Two mechanisms are thought to underlie the phenomenon of catamenial epilepsy. The first is a direct effect on the neurons of the brain of the reduced progesterone-to-estradiol ratio. In vitro, estradiol lowers the seizure threshold of many varieties of neurons whereas progesterone raises the threshold, making a seizure more likely. Thus, catamenial epilepsy reflects the effect of a reduced progesterone (and allopregnenolone) concentration or progesterone-to-estradiol ratio during the late luteal phase of the menstrual cycle. This correlates well with several clinical observations: first, some patients with catamenial epilepsy also suffer exacerbations during the preovulatory estradiol surge; second, seizure activity is prone to increase in anovulatory cycles, which may be managed with the use of clomiphene; and third, seizure activity may decrease in incidence after menopause.

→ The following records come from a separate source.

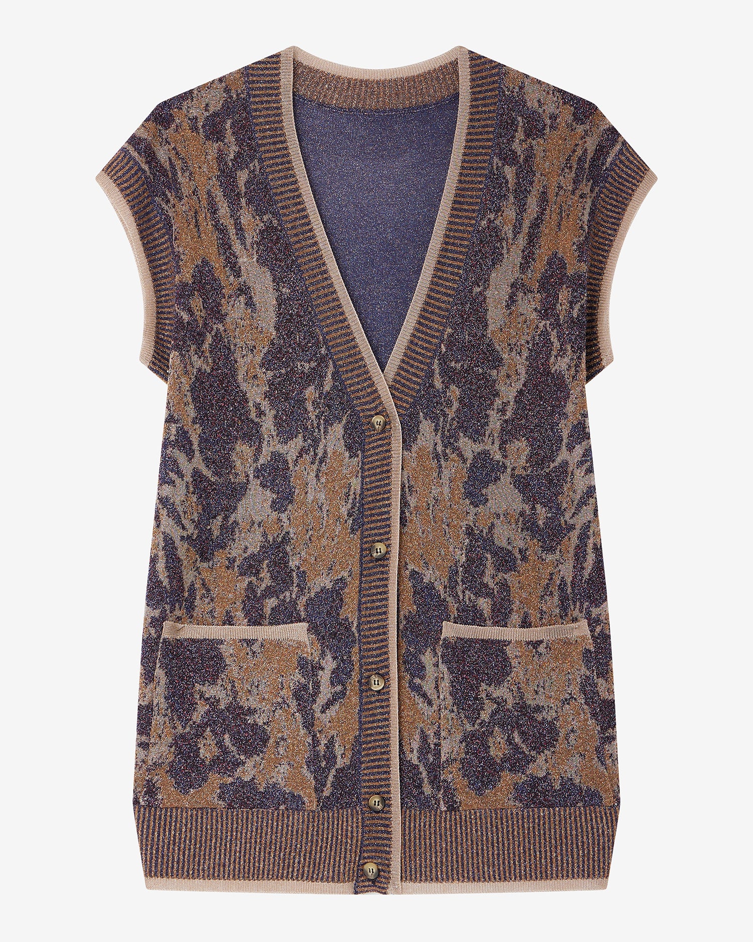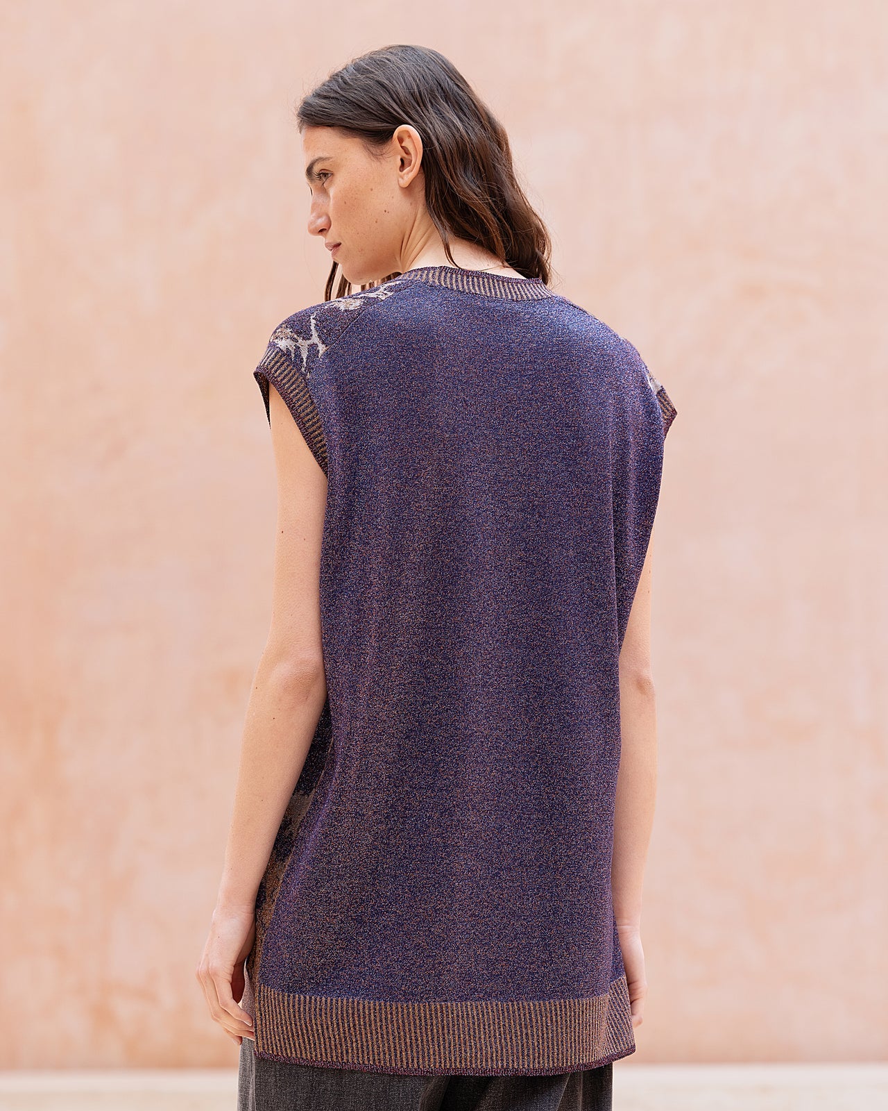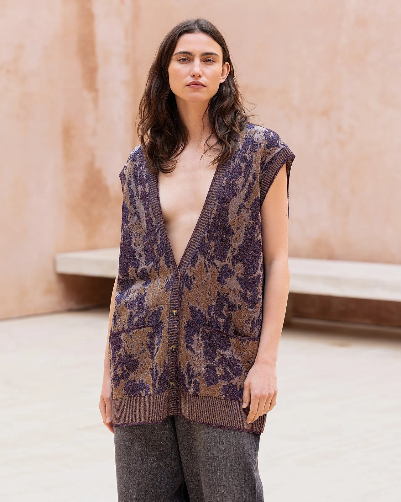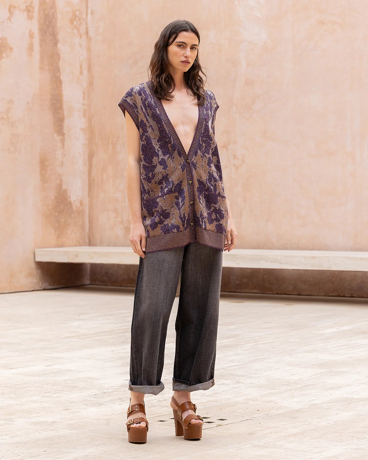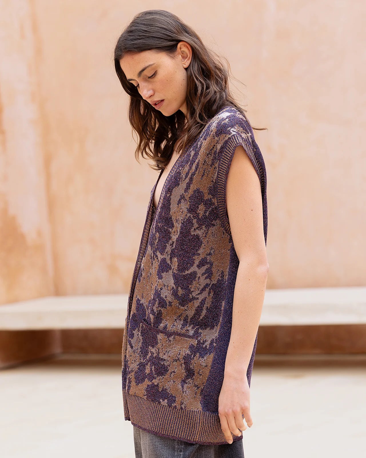 This long maxi cardigan in shades of violet and natural tones draws inspiration from timeless retro styles, reimagined in a contemporary and luxurious way. Crafted from a soft Italian yarn, it is enhanced with a subtle lurex thread that adds a delicate shimmer. The ultra-fine jacquard patterns that run throughout the piece create a refined play of texture and depth, making this model both comfortable and elegant. A sophisticated addition to any wardrobe, blending classic charm with modern luxury.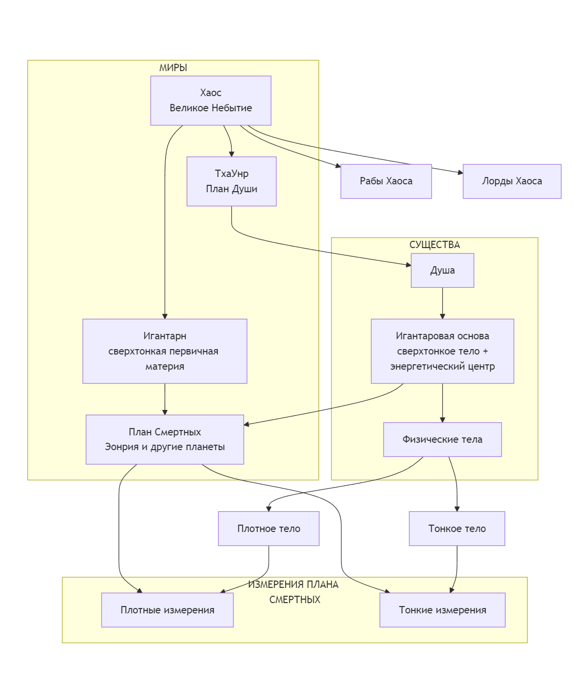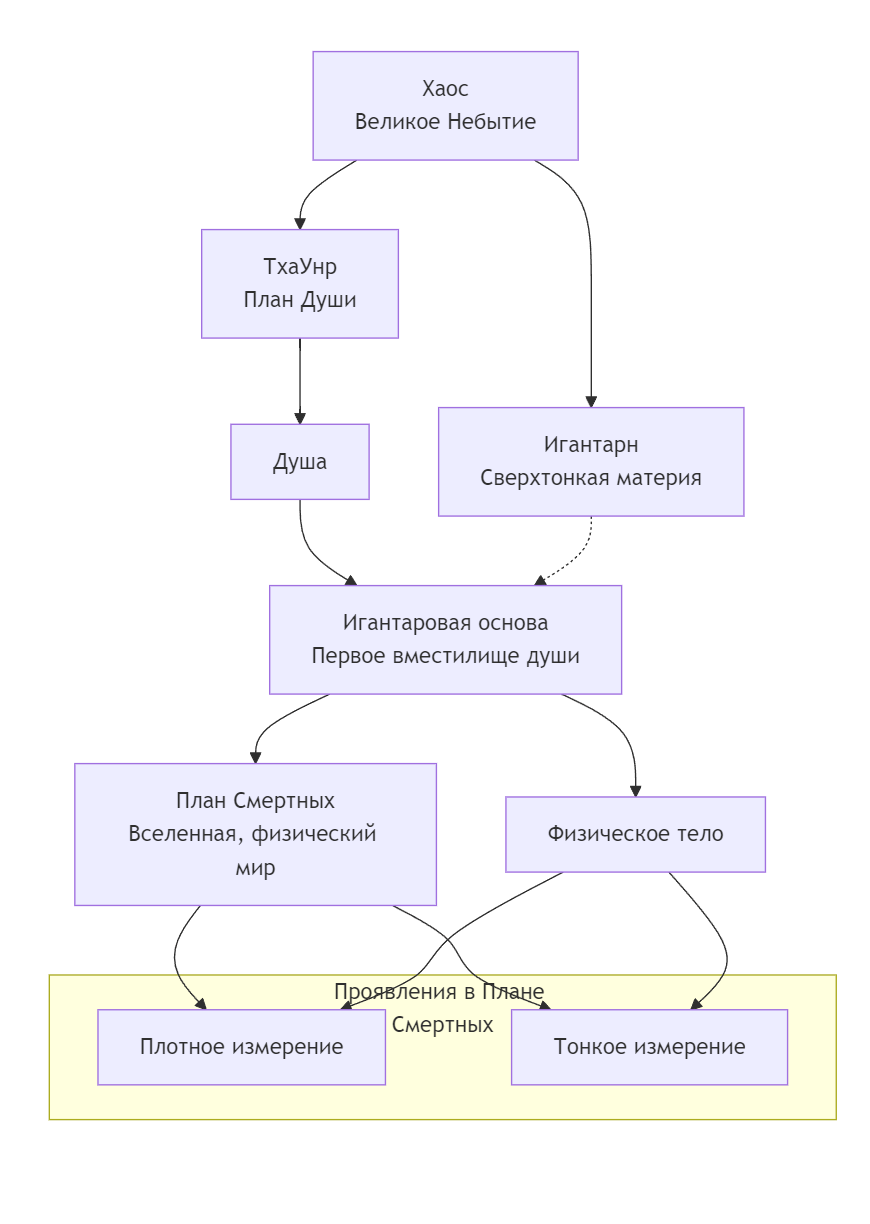Пояснение: Вся материя существует внутри Плана Смертных. Души находятся в ТхаУнре. Игантарн связывает душу с физическим телом в Плане Смертных, выступая основой для любого живого существа.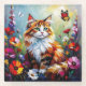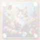 This coaster has a cute whimsical colorful folk art cat sitting in flowers and surrounded by butterflies done in an impasto style.
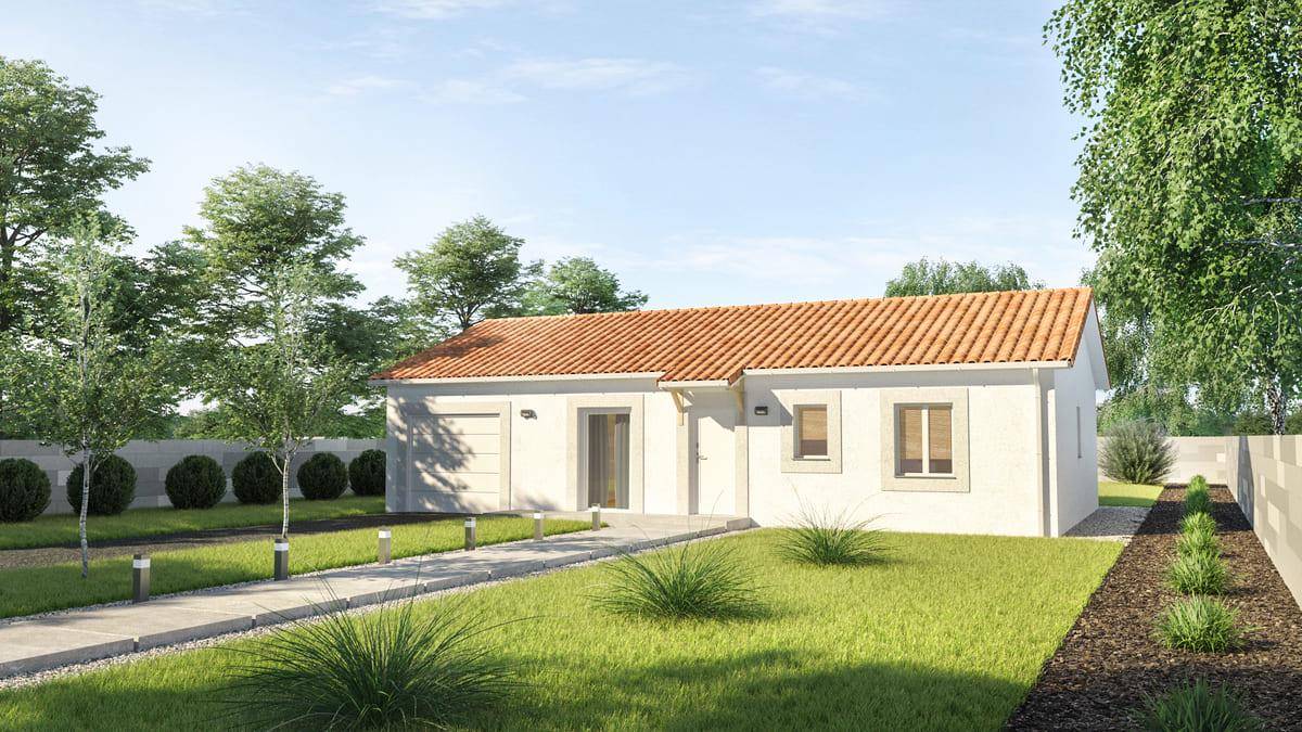 TERRAIN ET MAISONSur ce terrain, nous vous proposons cette maison neuve : le modèle Bugues, une maison traditionnelle de plain-pied conçue par Maisons Omega, détenteur du label Maisons de Qualité.Caractéristiques du modèle Bugues, maison traditionnelle de plain-pied.Un pavillon de charme pour toute la famille, élégant et pratique avec de beaux volumes. Une façade en décalé et un très joli auvent sur entrée vous assurent une maison originale et sympathique.Une jolie maison de plain-pied qui saura vous séduire.Le modèle Bugues se compose de trois chambres dans un coin nuit dédié, avec la salle d’eau. Les w.c. sont séparés. L’espace de jour offre un grand séjour-salon-cuisine traversant, ouvrant sur les deux côtés de l’habitation. Un cellier et le garage communiquant complètent cet ensemble confortable.Avec l’option volets battants et des finitions comme l’encadrement de fenêtres, l’habillage des évacuations d’eau de pluie, et la poutre de soutien de l’auvent lui confèrent un aspect très soigné. La toiture traditionnelle est du plus bel effet.Ce modèle peut disposer de plusieurs options telles que :- La domotique,- L’aérodynamique, la géothermie,- La menuiserie PVC ou alu,- Aqua air T-one.Les caractéristiques principales de cette maison de 84 m² incluent un garage intégré et un porche accueillant. Les options les plus demandées par nos clients, telles que les menuiseries en aluminium et les tuiles canal, sont également disponibles pour personnaliser votre future maison.Insistons sur le fait que cette maison neuve est basse consommation et conforme à la RE2020, garantissant ainsi une performance énergétique optimale et un confort de vie exceptionnel.N’attendez plus pour découvrir cette maison Bugues, un choix idéal pour une vie de famille harmonieuse et économe en énergie. Contactez-nous dès aujourd’hui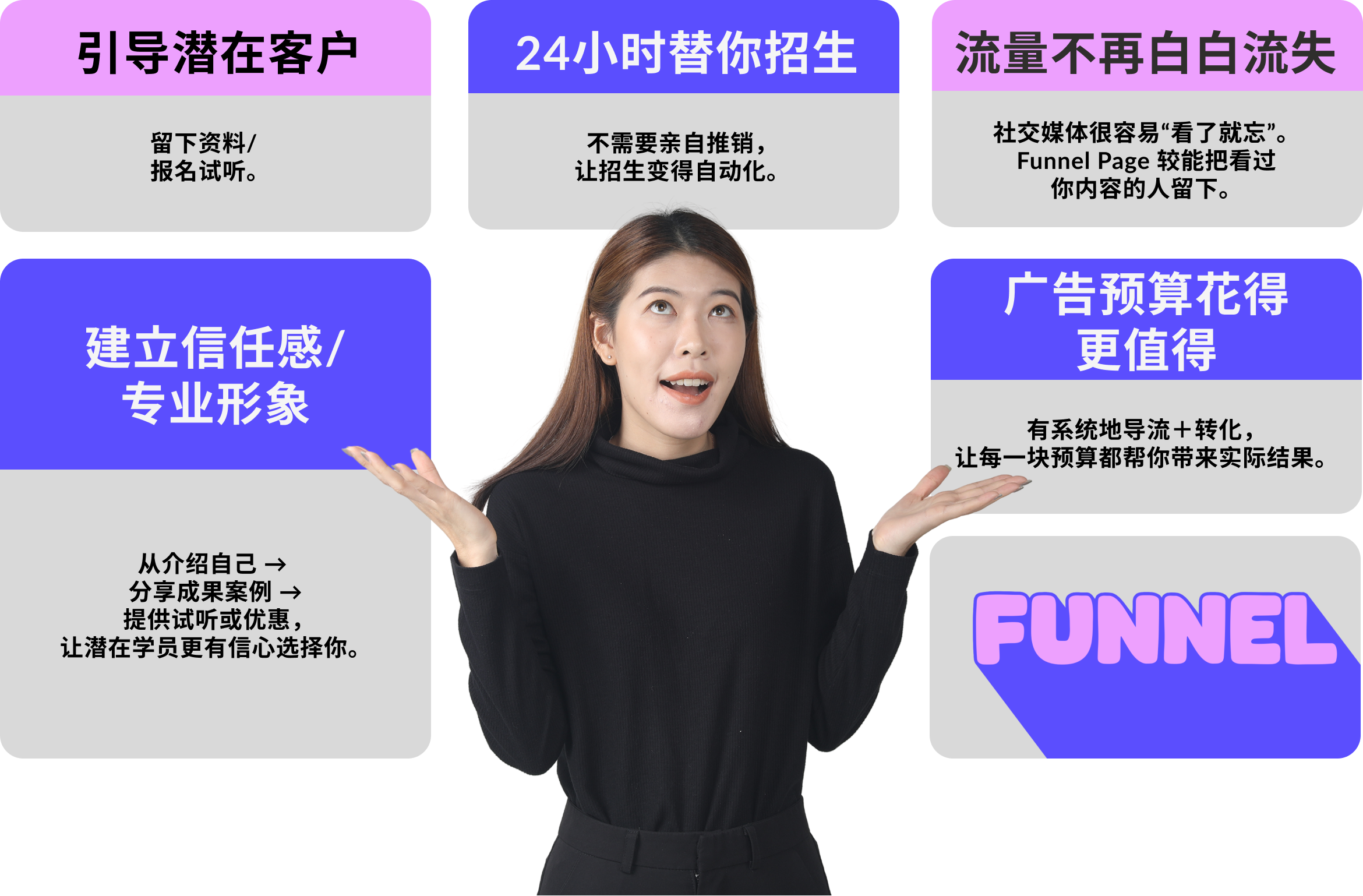 但漏斗页面才是真正引导潜在学员,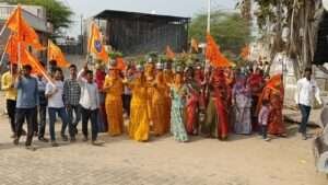 आयोजन समिति एवं नथावडी मंडल के तत्वावधान में शोभायात्रा चारभुजा मंदिर नथावडी से प्रारंभ होकर सदर बाजार, प्रमुख मार्गों और विभिन्न मोहल्लों से होती हुई करणी माता मंदिर नथावडी रोड पहुंची। महिलाओं ने सिर पर मंगल कलश धारण कर मंगल गीत गाए, जबकि युवाओं ने हाथों में भगवा ध्वज लेकर धार्मिक उद्घोष किए।
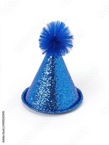 Festive blue glitter party hat with fluffy pom pom on white background for celebration event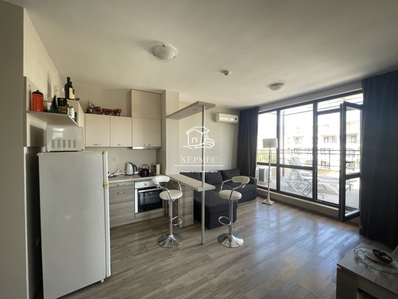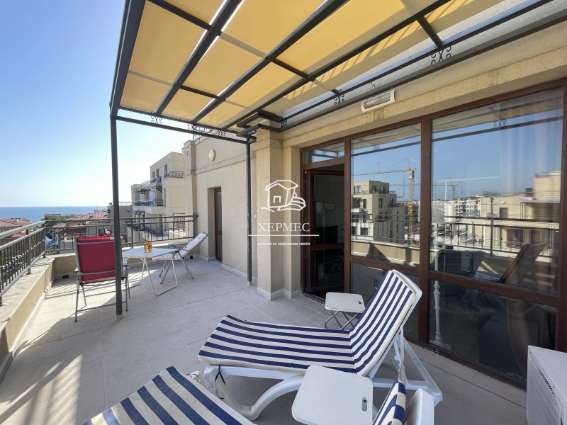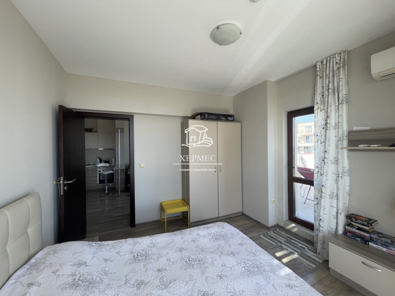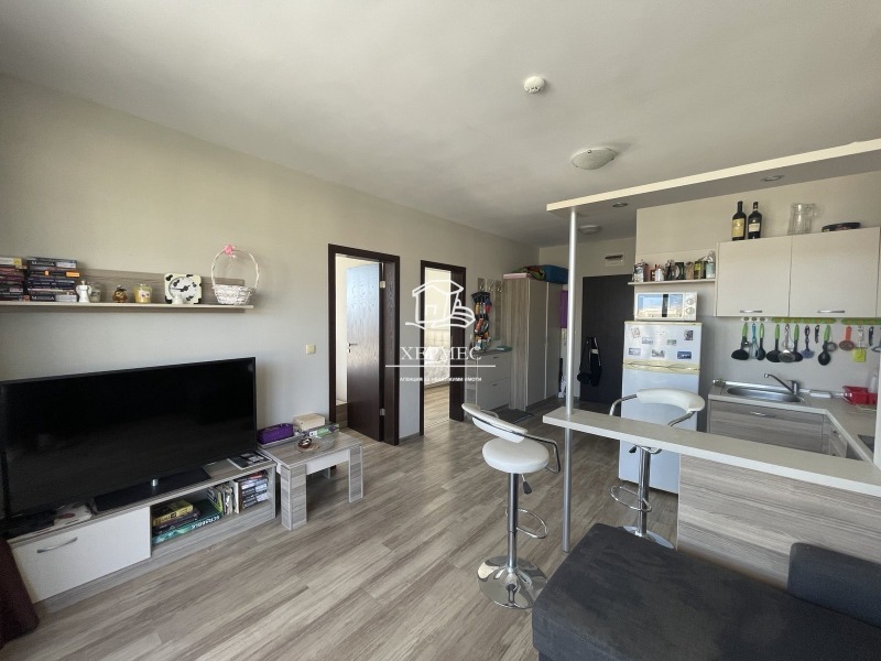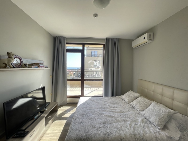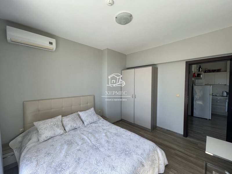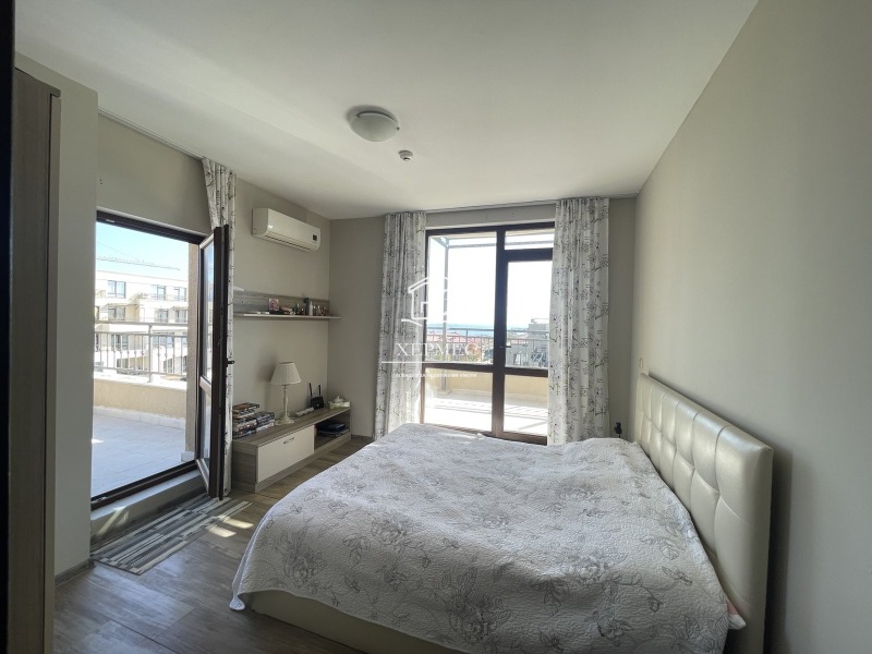 🔑Апартаментът представлява входно антре, просторна и слънчева всекидневна с кухненски бокс с малък бар плот и, баня с тоалетна, две спални и две тераса с гледка към морето и Стара планина. Продава се напълно обзаведен и оборудван: нова кухня с ел. уреди -печка с керамичен плот и фурна, аспиратор, хладилник, 3 климатика. И двете спални са оборудвани с двойни легла с ортопедични матраци и гардероби.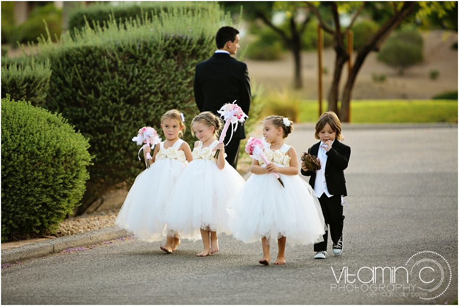 Carrying a tight, round all rose bouquet, accompanied by her mother and lead by her tiny team of flowergirls up a rose petal lined aisle, Crissy married Mike under a simple arch of chiffon and a chandelier, overlooking the Siena golf course greens. After the vows the family released Monarch butterflies together. Such a sweet way to signify the moment!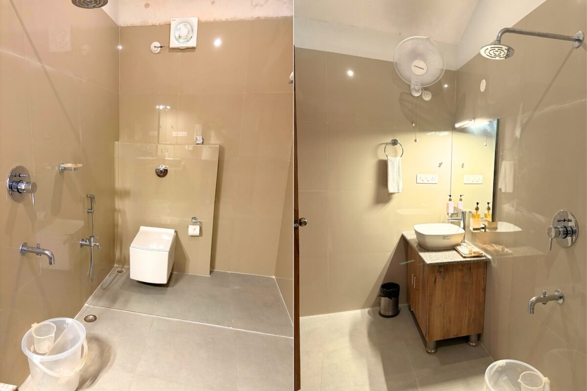 Modern fittings, a spacious shower, 24×7 hot & cold water, fresh towels, and quality toiletries for a clean, comfortable experience.

A second mechanism explaining this disorder is a reduction in serum levels of anticonvulsants during the late luteal phase. This is believed to be mediated by increased hepatic mono-oxygenase activity resulting directly from reduced sex steroid levels (primarily progesterone). This is the rationale for the treatment option of closely tracking the menstrual cycle and determining anticonvulsant concentrations in the late luteal phase, so that drug dosage may be altered when necessary.

The anticonvulsant effect of progesterone is the basis of using Depo-Provera, progestin-only oral contraceptive pills, or premenstrual progesterone suppositories (50 to 400 mg twice daily) to reduce seizure activity. Ganaxolone, an allopregnenolone analogue taken cycle days 21 through 3 of the next cycle, has also been found to be an effective seizure prophylactic. GnRH agonist therapy has been helpful for intractable cases. Combined oral contraceptives have inconsistent effects, with some patients suffering exacerbations during the placebo week. Moreover, pill efficacy is reduced by anticonvulsants, resulting in a higher contraceptive failure rate with low-dose preparations.

In some individuals, the following conditions may be influenced by the menstrual cycle: rheumatoid arthritis, irritable bowel syndrome, hereditary angioedema, aphthous ulcers, Behçet’s syndrome, acute intermittent porphyria, paroxysmal supraventricular tachycardia, multiple sclerosis, glaucoma, urticaria, erythema multiforme, and myasthenia gravis. Interestingly, in the case of myasthenia gravis, 25% to 50% of female patients improve premenstrually.